By Mike Wackett (The Loadstar) – Cosco Shipping Holdings resumed trading on the Shanghai Stock Exchange (SSE) today, more than two months after its shares were suspended on the bourse.
The move brings an end to speculation that Cosco had another carrier target on its radar, after it announced plans to scoop up OOIL’s OOCL earlier this month.
Nevertheless, there remains some uncertainty that the OOIL transaction will overcome all the regulatory hurdles. The SSE issued a letter of enquiry on 18 July requiring clarification on two specific points of the deal.
These relate to concerns as to whether the transaction would clear anti-trust and monopoly regulators around the world and how Cosco intends to keep OOIL listed on the Hong Kong Stock Exchange, as committed.
Alphaliner reports that the SSE received a response yesterday, which it must have found sufficiently reassuring to allow Cosco’s shares to resume trading.

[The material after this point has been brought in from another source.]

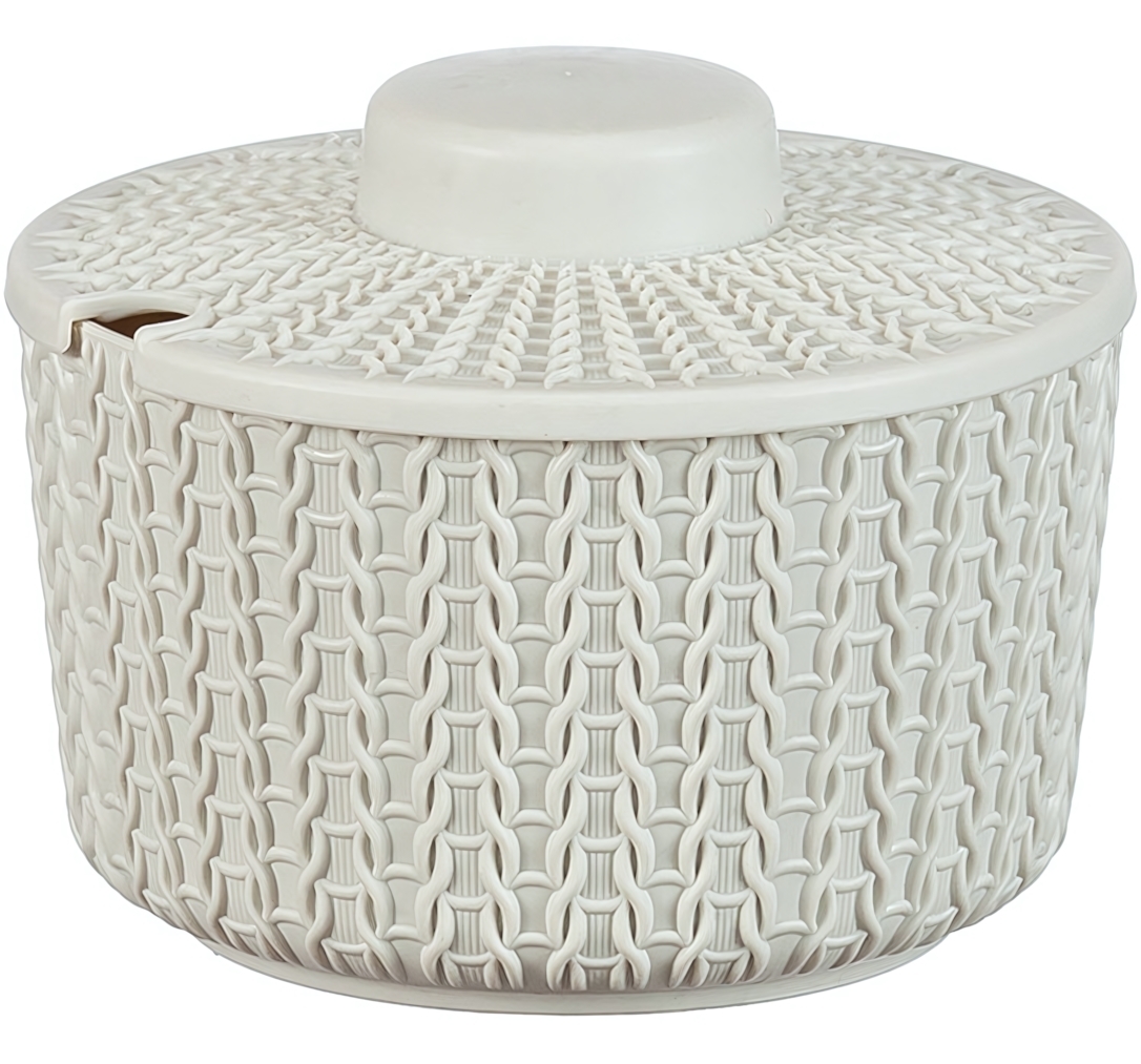 Сахарница «Вязание» 0,45л с герметичной крышкой, белый ротанг, пластик

The consultant said Cosco had confirmed that the transaction was subject to regulatory review in the US and the EU, but apparently made no mention of Chinese or other official bodies.
Cosco said it held “a positive attitude” to the anti-monopoly reviews based on “preliminary judgements”, but conceded that there existed a “certain degree of uncertainty” over the outcome.

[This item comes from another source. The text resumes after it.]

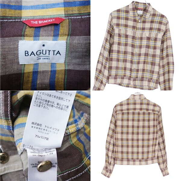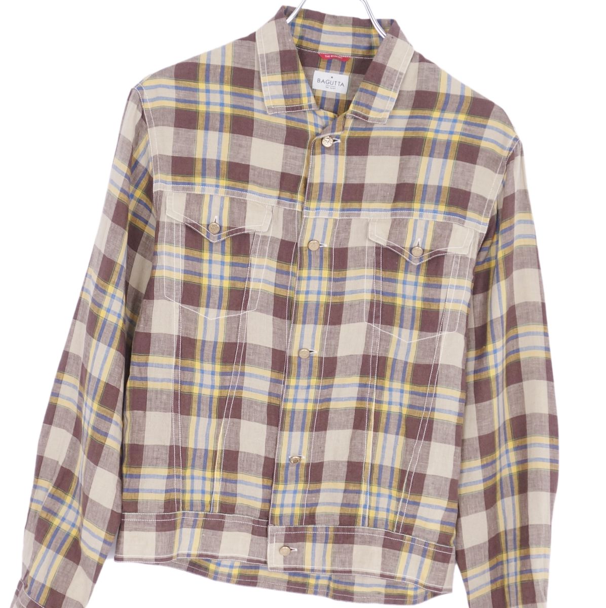 商品名 【新古品】バグッタ BAGUTTA ジャケット マドラスチェック リネン トラッカー メンズ トップス M/L ブラウン【中古】

According to the analyst, Cosco and SIPG, which will buy 9.99%, confirmed they intended to maintain OOIL’s listing status on the HKSE via a series of measures that would include issuing new shares to independent third-party investors.

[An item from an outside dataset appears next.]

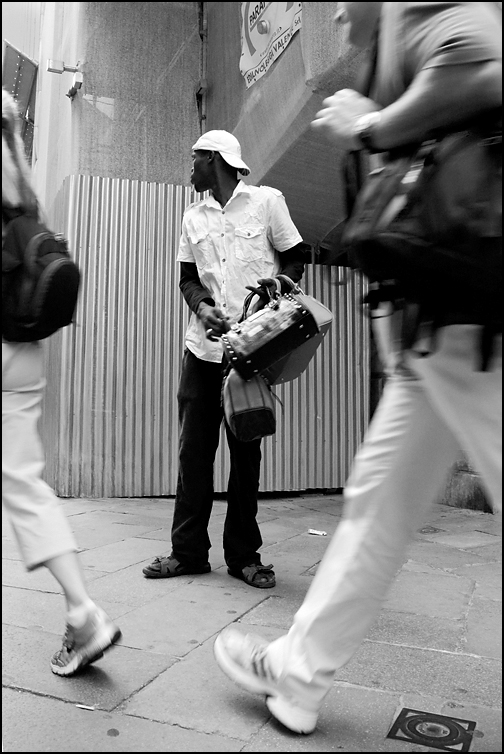 C'è agitazione nel fotogramma, energia, inquietudine. L'ansia del venditore ambulante viene incorniciata magnificamente dalla frenesia dei passanti, turisti con scarpe da ginnastica comode per lunghe passeggiate e zaini per le necessità giornaliere. Composizione ottima con una cornice dinamica che crea una triangolazione con il ragazzo di colore, introdotto con ulteriore energia da quell'avambraccio sfuocato e mosso. Siamo su quello sguardo voltato, sul patema, sulla tensione, sulla preoccupazione di essere scoperto in flagrante dalle autorità e perdere quel poco che possiedono. Provo tenerezza e non mi preoccupo più di tanto perchè sò che basta un avvicinamento, una parola amica per trovare quel loro bel sorriso bianco pieno di gioia che non aspetta altro che empatia.

They have also pledged to maintain the OOIL/OOCL staff compliment, saying on 9 July they would not “terminate any employee at OOIL, as a result of this transaction, for at least 24 months after the close of the offer”.
In practice, however, during this period there will be management changes, leading to executives at OOCL “seeking new employment challenges”, which along with natural wastage may change the culture at OOCL.
One UK recruitment consultant recently told The Loadstar it already had a number of OOCL executives on its books who, he said, were all “highly prized” assets that “would be in demand”.